Keywords: phytanic acid, peroxisomes, Refsum’s disease, oxalyl-CoA decarboxylase, protein targeting
3-Methyl-branched fatty acids cannot be degraded by β-oxidation because of the presence of a methyl group in the 3-position, which prevents the third reaction of the pathway, a dehydrogenation of the 3-hydroxyl group. For this reason, 3-methyl-branched fatty acids first undergo α-oxidation, in which they are shortened by one carbon atom (1). The α-oxidation pathway has been elucidated only recently (see Fig. 1). Watkins et al. (2) and Croes et al. (3) could demonstrate that α-oxidation in rat liver starts with an activation reaction requiring ATP, CoA, and Mg2+, leading to the formation of a 3-methylacyl-CoA. The activated branched fatty acid is then 2-hydroxylated in a reaction that depends on O2, 2-oxoglutarate, iron, and ascorbate. Finally, the resulting 2-hydroxy-3-methylacyl-CoA is cleaved into formyl-CoA (4) and a 2-methyl fatty aldehyde (5, 6). Formyl-CoA is enzymatically hydrolyzed to formate and subsequently converted to CO2 (4), whereas the 2-methyl fatty aldehyde is dehydrogenated in an NAD+-dependent reaction to the corresponding acid (5). The 2-methyl-branched fatty acid is then degraded via β-oxidation, mainly in peroxisomes (7–10).
Figure 1.
α-Oxidation pathway. The figure represents the recently revised α-oxidation pathway for phytanic acid, including the results of this paper. The enzymes involved are: 1, phytanoyl-CoA synthetase; 2, phytanoyl-CoA hydroxylase; 3, 2-HPCL; 4, branched fatty aldehyde dehydrogenase; and 5, formyl-CoA hydrolase.

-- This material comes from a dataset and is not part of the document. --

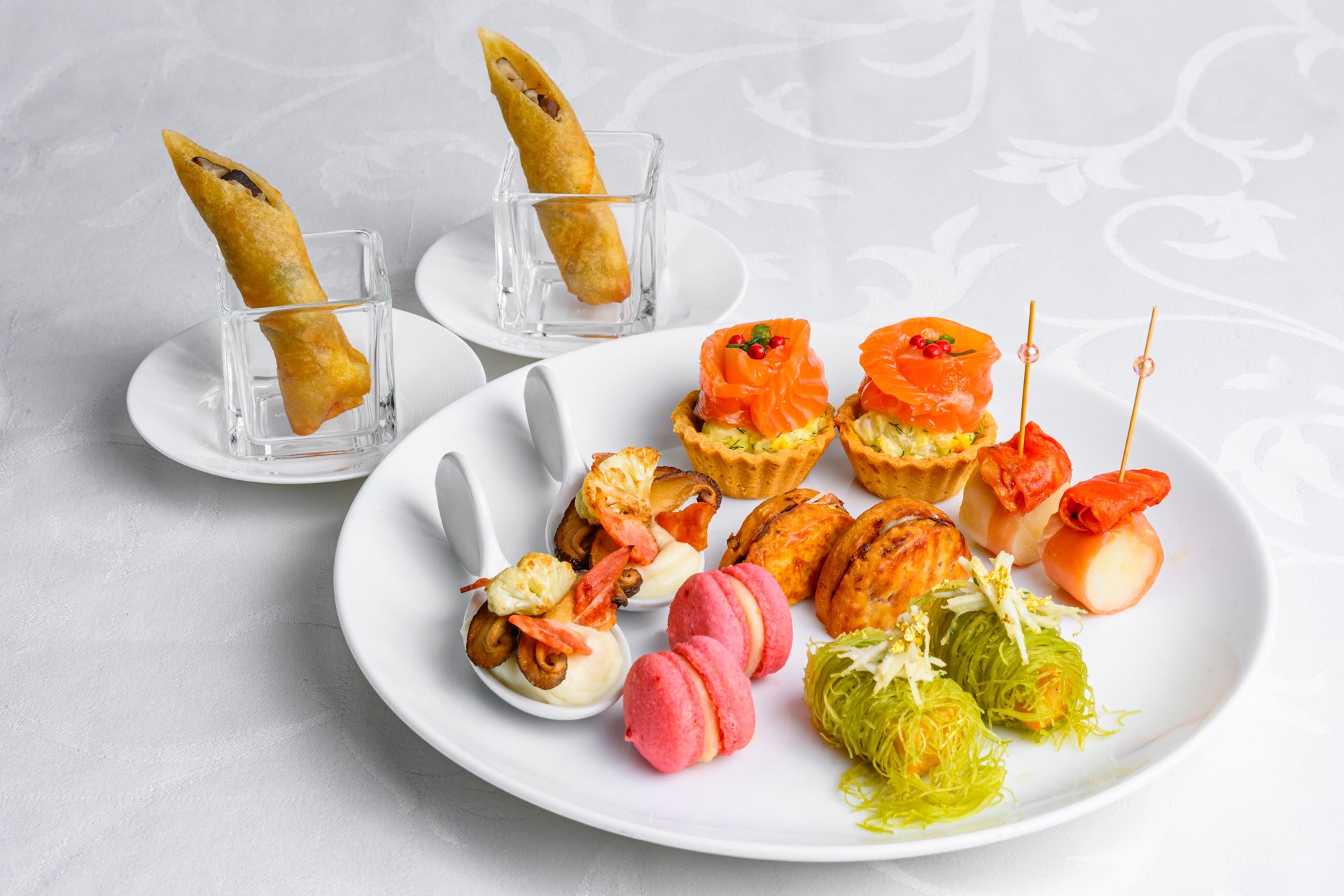 セイボリー 全7種:丸芋サラダとサーモンマリネタルト、エルサレムアーティーチョークの生ハム巻きとセミドライトマトのピンチョス、レンズ豆のテリーヌカダイフ巻と根セロリのサラダ添え、酒粕クリームチーズのビーツマカロン、カリフラワーのムース・クリスベーコンと石川県産椎茸のロースト、生ハムとクリームチーズのドライフルーツスコーン、治部煮スティック

In the rat, the entire α-oxidation pathway appears to be peroxisomal (3, 6) (except for the conversion of formate to CO2, which occurs mainly in the cytosol). Also in humans, the α-oxidation pathway (activation, 2-hydroxylation, cleavage) occurs in peroxisomes (11), but the dehydrogenation of the 2-methyl-branched aldehyde to the corresponding acid may be catalyzed in the endoplasmic reticulum (12). Of the enzymes involved in α-oxidation, the 2-hydroxylase (phytanoyl-CoA hydroxylase; see below) (13, 14) and possibly the activation enzyme (15) have been purified and cloned. The hydroxylase is targeted to the peroxisome by a cleavable N-terminal peroxisome targeting signal (PTS2).

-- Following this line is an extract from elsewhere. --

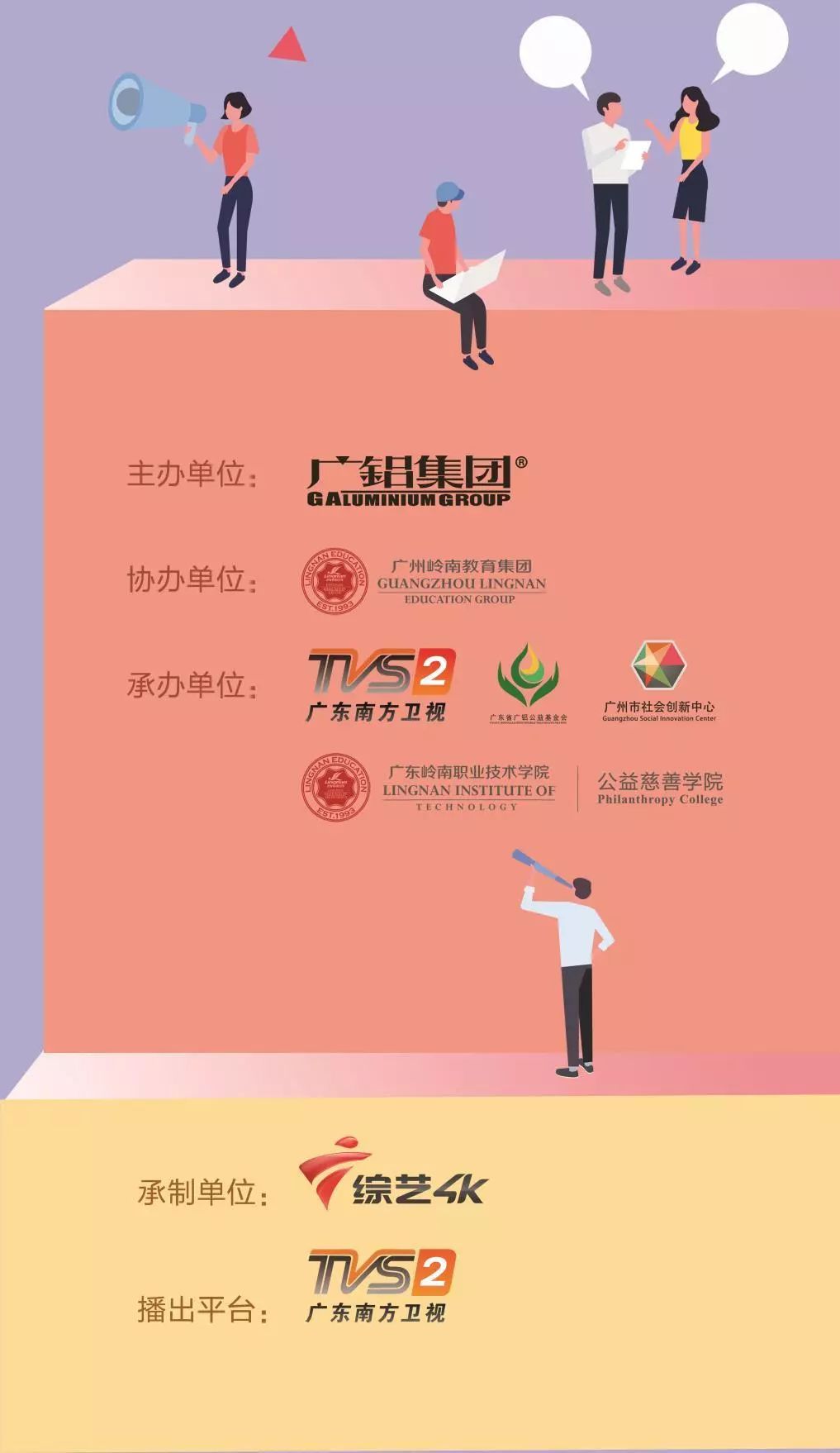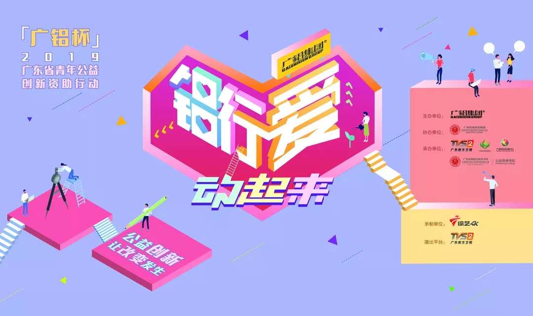 由廣鋁集團(tuán)有限公司主辦,廣州嶺南教育集團(tuán)協(xié)辦,廣東廣播電視臺南方衛(wèi)視、廣東省廣鋁公益基金會、廣東嶺南職業(yè)技術(shù)學(xué)院公益慈善學(xué)院、廣州市社會創(chuàng)新中心承辦,廣東廣播電視臺綜藝4K頻道承制的《鋁行愛 動起來“廣鋁杯”2019廣東省青年公益創(chuàng)新資助行動》活動正在熱烈進(jìn)行中。

Quantitatively the most important 3-methyl-substituted fatty acid in humans is phytanic (3,7,11,15-tetramethylhexadecanoic) acid. This isoprenoid-derived fatty acid of vegetal origin is taken up with the diet in dairy products and ruminant fat (1). An accumulation of phytanic acid occurs in generalized peroxisome biogenesis disorders (e.g., Zellweger syndrome), which confirms the peroxisomal involvement in α-oxidation, and in rhizomelic chondrodysplasia punctata (RCDP) and Refsum’s disease (1). Although in generalized peroxisome biogenesis disorders the whole α-oxidation sequence is most probably malfunctioning, in RCDP and in Refsum’s disease the defect seems to be confined to the 2-hydroxylase (16). The hydroxylase deficiency in RCDP is explained by a defective peroxisomal import of proteins containing a PTS2, because of mutations in the gene encoding the peroxisomal PTS2 import receptor (Pex7p) (17–19), whereas in Refsum’s disease the hydroxylase gene itself is mutated (13, 14).
In this paper, we describe the purification, functional and molecular characterization, and eukaryotic expression of the cleavage enzyme of α-oxidation, which we propose to term 2-hydroxyphytanoyl-CoA lyase (2-HPCL).
METHODS
Preparation of Homogenates and Subcellular Fractions.
Livers from male Wistar rats weighing approximately 200 g and fasted overnight were homogenized in 0.25 M sucrose/5 mM Mops, pH 7.2/0.1% (vol/vol) ethanol and fractionated by differential centrifugation (20). Determination of marker enzymes and protein was done as described (20).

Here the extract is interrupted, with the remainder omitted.